Some portfolio managers talk about getting more defensive when markets are volatile and threats of recession loom, as is the case today. In that context, Daniel Goodman, chief executive at GFI Investment Counsel Ltd., believes he’s already in a good place.
“We like to think of ourselves as defensive through the ownership of high-quality businesses and the avoidance of low-quality businesses,” says Mr. Goodman, whose Toronto-based firm oversees about $925-million in assets under management.
GFI invests in about 15 to 20 stocks at one time, exclusively in North America, with a 50-50 split between the United States and Canada. He describes high-quality businesses as the type that “allocate their shareholder capital well and will take advantage of some sort of blip in the marketplace to either buy back stock, or possibly acquire a competitor.” Some of GFI’s key holdings today include Brookfield Asset Management Inc., Visa Inc., Apple Inc. and Restaurants Brands International Inc., the parent of Tim Hortons.
GFI’s all-equity portfolio returned 29.2 per cent year-to-date, as of Aug. 31. That compares with a return of 15.1 per cent for the S&P 500 and a 17.1-per-cent return for the S&P/TSX Composite Index over the same period, the company says. All returns include reinvested dividends. The same portfolio has seen a compound annual growth rate of 18.1 per cent over the past five years, as of Aug. 31. The firm’s returns are after fees that range between 0.6 per cent for portfolios over $20-million and 1.35 per cent for those under $2-million.
The Globe and Mail recently spoke to Mr. Goodman about his investing style and stocks he’s been buying and selling.

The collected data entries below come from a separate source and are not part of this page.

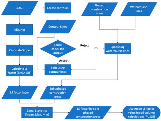 A methodological framework (Figure 2) has been developed to meet the requirements of the environmental regulator. The framework has been used to estimate the required capacity of construction drainage features, to inform the allocation of space required during construction. Owing to the processes underpinning the development of the LS factor, the methodological process used is illustrated separately (Figure 3).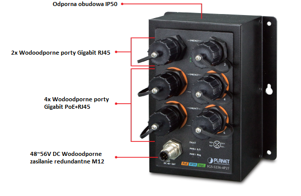 Wśród nowości jest switch przemysłowy o klasie szczelności IP50 – IGS-5226-4P2T, który cechuje się wysokim poziomem odporności na zakłócenia elektromagnetyczne i ciężkie przepięcia elektryczne. IGS-5226-4P2T wyposażony jest w 6-portów 10/100/1000BASE-T z funkcją autonegocjacji prędkości i złączami odpornymi na pył. Urządzenie zostało zaprojektowane z myślą o ciężkich warunkach środowiska, gdyż jego wytrzymałość pozwala na pracę w zakresie temperatur od -40 do +75 stopni C.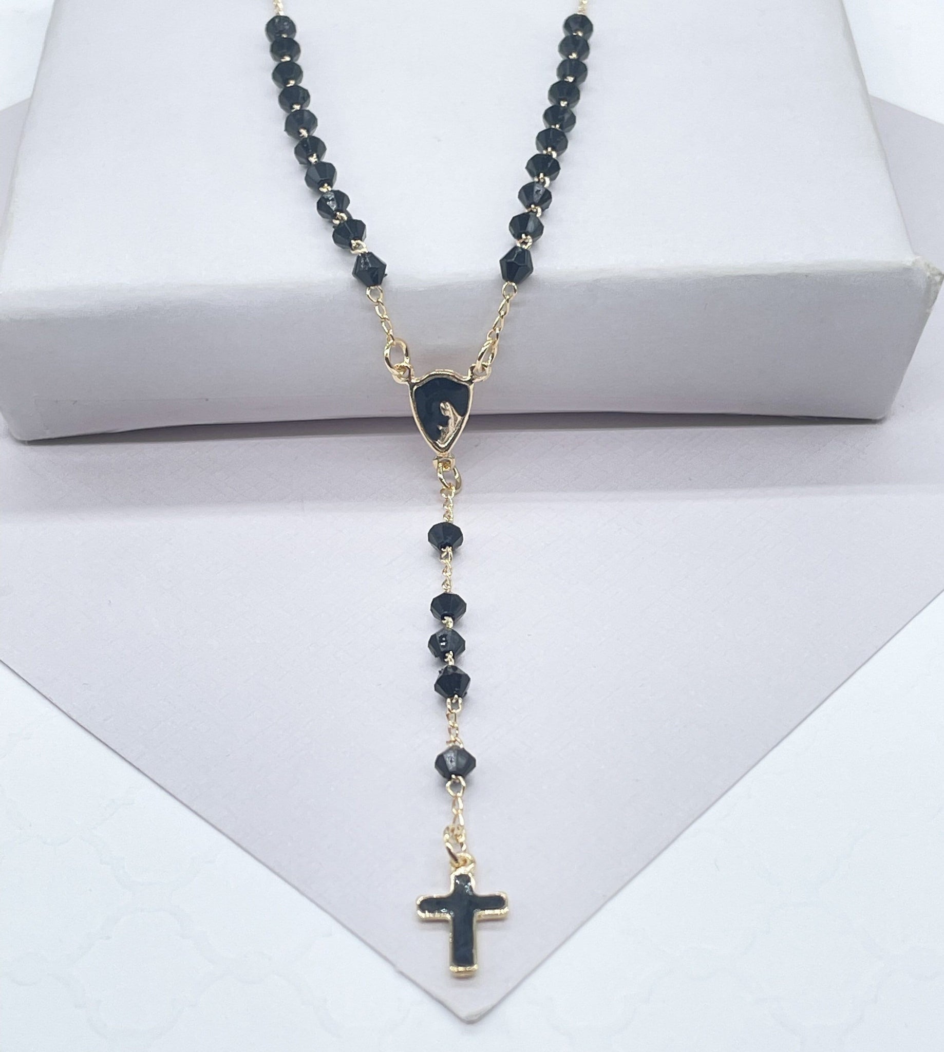 18k Gold Filled Black Beaded Rosary, Onix Style Stone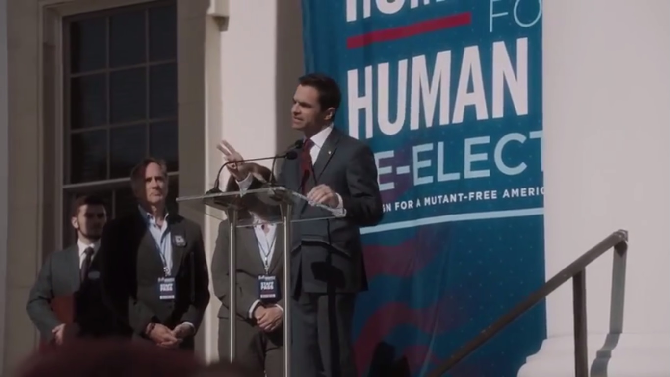 The episode begins with a flashback two months ago at a political rally as Senator Matthew Montez, played by David Norona, talks about the growing mutant population that threatens American values and rights. Mutant crime is high and getting worse. Montez has created laws to stop those who would use their powers to do harm. If reelected as Senator, Montez pledges to win this fight against mutants.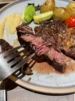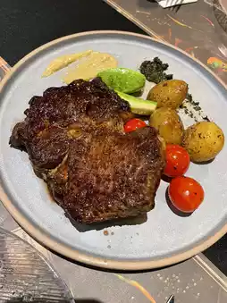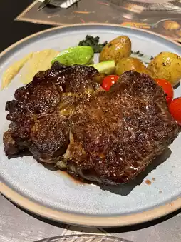 The steak portion was quite large, the ribeye steak was cooked to five percent cooked, and the juices flowed slightly when cut, and the steak was firm.

Describe your investing style.
The best term would be value investors, but it doesn’t mean we don’t look for growth businesses or growing companies. Price is what you pay and value is what you get. We focus more on the quality of a business. We have a qualitative checklist we put all of our business investments through. We ask ourselves, do customers benefit? There is no sector domination in terms of how we think. Generally, our checklist leads us to businesses that have some pricing power.
Why are you focused on North American investments?
We really only want to invest where the rule of law is strong and where we know our rights as shareholders are protected. There are other places in the world where we can achieve that, but we also like to stay in our circle of competence. The reason why we have a fairly high degree of U.S.-based businesses is because the Canadian marketplace is pretty narrow.
What concerns are you hearing from investors today?
Some of our clients are concerned the markets have run too far, too fast. They’re also concerned with the impeachment talk in the U.S., political instability and the inverted yield curve – topics they hear about in the media day in and day out. A lot of clients are concerned about generating yield, especially retired investors living off of their portfolio. We caution them not to chase yields. There are instruments out there that show a very high yield, but the quality of that investment usually is suspect.
What have you been buying lately?
We are in the process of buying Microsoft Corp. We’ve owned it before in the past, but it’s a new position for client portfolios. It’s a wonderful business. It has a long runway for growth, very high margins and it’s an incredibly sticky business. I don’t see a lot of businesses migrating away from [Microsoft’s] cloud web-based services or their software. They have a pretty high cash position and no net debt.
What have you been selling?
Our turnover is quite low. Earlier this year, in the first quarter, we sold BlackRock Inc., one of the world’s largest ETF providers. We weren’t seeing the operating leverage that we would expect from an asset management firm. It’s really predicated on the fact that ETF fees are going down significantly and the large [assets under management] they have is in the extra low-cost ETFs. They haven’t really been able to grow the other aspects of the business. We found greener pastures elsewhere.
Name a stock you wish you bought (or wish you didn’t sell so soon)?
Ferrari NV is a stock we wish we bought. It’s a high-end brand that has built a following. It only produces a limited supply of new release automobiles. In many cases, [the cars] trade after-market at a higher price. It’s a wonderful business, I think it will remain a great investment for many years to come. We’ve never owned it.
A stock we wish we didn’t sell was McDonald’s Corp., which we sold in the third quarter of 2014. They had shown weaker same-store sales growth and we weren’t sure the fast-food industry would continue to dominate. There were newer upstarts that seemed to be grabbing share of wallet, but it has proven to be a wonderful business longer term. We underestimated the resilience of that business.
This interview has been edited and condensed.